Making joins across tables becomes harder as we shard the data more.

Estimation

progression:

1KB => 1MB => 1GB => 1TB => 1PB

2¹⁰ => 1 KB 2²⁰ => 1 MB 2³⁰ => 1 GB 2⁴⁰ => 1 TB 2⁵⁰ => 1 PB

L1 cache reference => 0.5 ns L2 cache reference => 7 ns Branch mispredict => 5 ns Mutex lock/unlock => 100 ns Main memory reference => 100 ns

Questions to ask

If Designing db
- bytes per record ?
- number of Reads per second, number of writes per second ?
- Delay time ?
- Consistency model?
Designing a service?
- max QPS?
- Availability regions?
Media?
- Load time?
- CDN cost?

Rate limiter

used to limit how many requests are allowed per IP, api token, user, etc…

Where to put the rate limiter? alongside the application? in the load balancer? return 429 too many requests

Available algorithms:

Token bucket, have an in memory structure per user/token/IP that counts down, if becomes 0 reject else, count down and allow.
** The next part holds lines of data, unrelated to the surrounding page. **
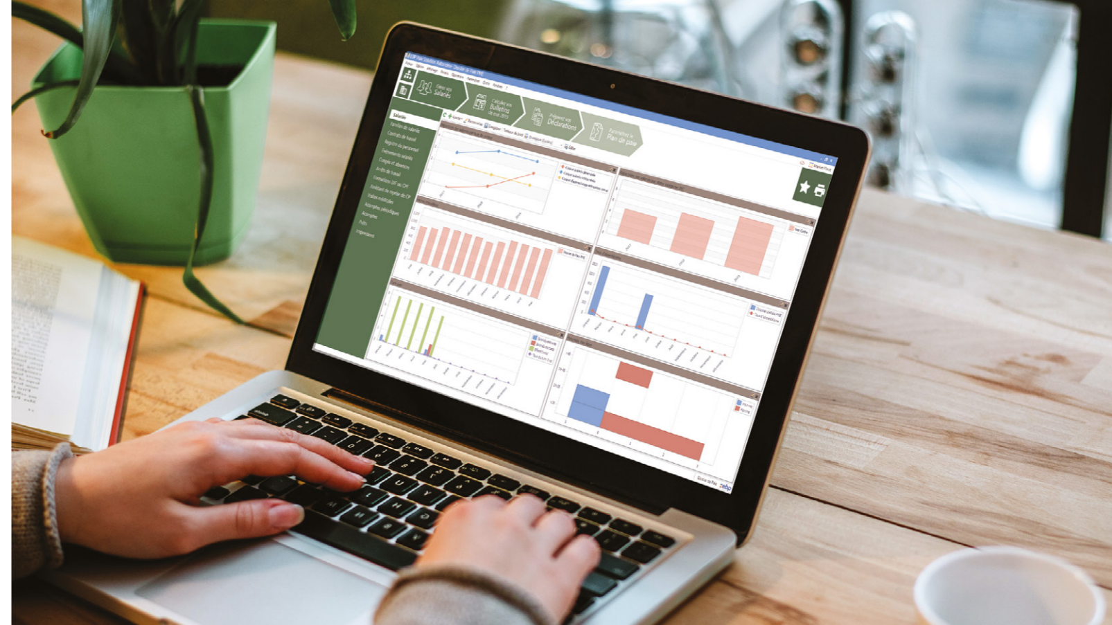
Suivez l'évolution de la masse salariale de vos clients à l'aide des tableaux de bord.
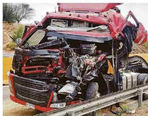
LOS DAÑOS AFECTARON MAYORMENTE AL LADO DEL CONDUCTOR.

concesionarias provistas por el Ministerio de Obras Públicas (MOP), las que se sumaron a los esfuerzos de orden que implicaron la coordinación entre camiones y grúas.
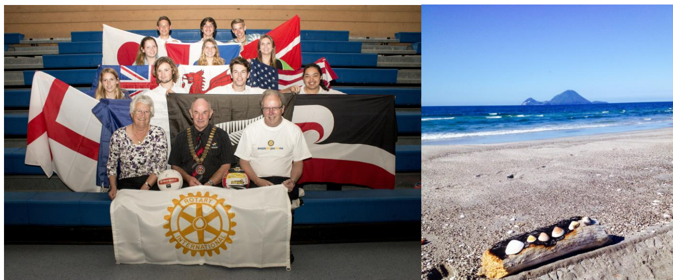
Voici l'équipe de netball presque au complet avec l'entraîneur à gauche et le président du rotary au centre !
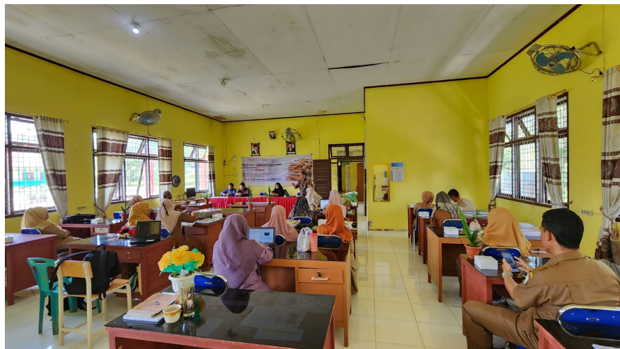
Dosen Unimal Gelar Pelatihan Pembuatan Buku Ajar Untuk Guru di SMAN 1 Pirak Timu
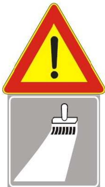
Figura Il 391 Art. 31
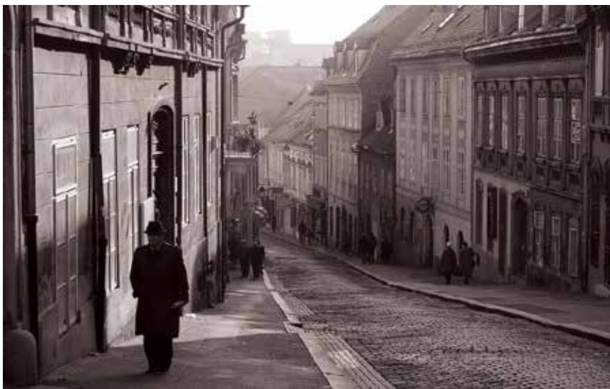
Nekadašnji izgled Radićeve ulice

Na broju 12, u kući klobučara Primusa Kostelca od 1797. nalazilo se sjedište Typographie Novosel , tiskare biskupa Vrhovca. U toj je kući 1852. Ljudevit Gaj otvorio Narodnu knjigarnicu s prilično ambicioznim programom: od ponude knjiga na glavnim europskim jezicima, nota, umjetnina i antikviteta te pribora za pisanje preko uspostavljanja suradnje s knjižarama u domovini i srednjoj Europi te tvornicama raznog pribora i galanterije do promocije književnosti slavenskih naroda kao posebnog cilja. Zacijelo najvažnija bila je tiskara Karla/Dragutina
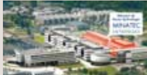
Maitre d'ouvrage : conseil général de l'Isère ; maitre d'œuvre : Groupe 6 ; bureau d'études : Setec.

For every minute/second/hour update all structures to their maximum value.
- Updating all structure might be cheap for small number of users. But, as the number of users increase, updating for all users would be very costly and slow.
Leaking bucket, Requests are put into a fixed size queue. And for every interval requests are pulled and processed.
- Might not work for requests that move slow.
Fixed window counter, there are tokens for predefined window sizes where we count every request and then count up and drop everything that crosses the limit.
- problem happens when requests come out on the edges. eg. in the window between 500ms of the previous time window and 500 ms of the current time window. a burst of 3 + 3 requests could end up 6 requests in that 1s. Which might not be reliable, for some use cases.
Sliding window log, Time stamps are stored in memory for every request by a user. When a new request comes in, timestamp older than current window are thrown away while the other requests are kept. if the count between these, two timestamps is more than the threshold request is rejected else accepted. redis sorted sets can be used to store data
- Too much memory consumption and is wasted
Sliding window counter,
- This, takes the fixed window log and then adds a layer of calculation, where we do the formula
```
req in current window + %age overlap * req in prev window
```
- this is pretty smart, as it interpolates from already available data
- might not work for strict look-back windows.

Rate limiter in Distributed environment.

_Race conditions
- Use mutexes to increment values.
- Use sorted set like data structures in redis, which removes rate limiting. while also moving data storage to a different source.
Synchronization issue
- web-tier is stateless, requests from same origin could be directed to the same servers

Scaling Websockets to millions of conections

Heartbeat
Requirement for fallback, http long polling
- i.e. the client makes a request and the server for a long while

Vertical Scaling has limits + single point of failure. Updates needs to break the connection

Consistent Hashing

Definitions

GeoDNS, routes all requests to the closest
BGP4, Border Gateway Protocol 4 is an internet protocol that is able to store and share reachability information with others in the Autonomous System.
Token Bucket, rate limiting algorithm by having counters and refreshing them in intervals
leaking bucket, rate limiting algorithm by pushing everything to a bounded queue and batch processing per interval.
sliding window log, rate limiting algorithm, where we store every request within the permitted window and count everything within before allowing requests to pass through.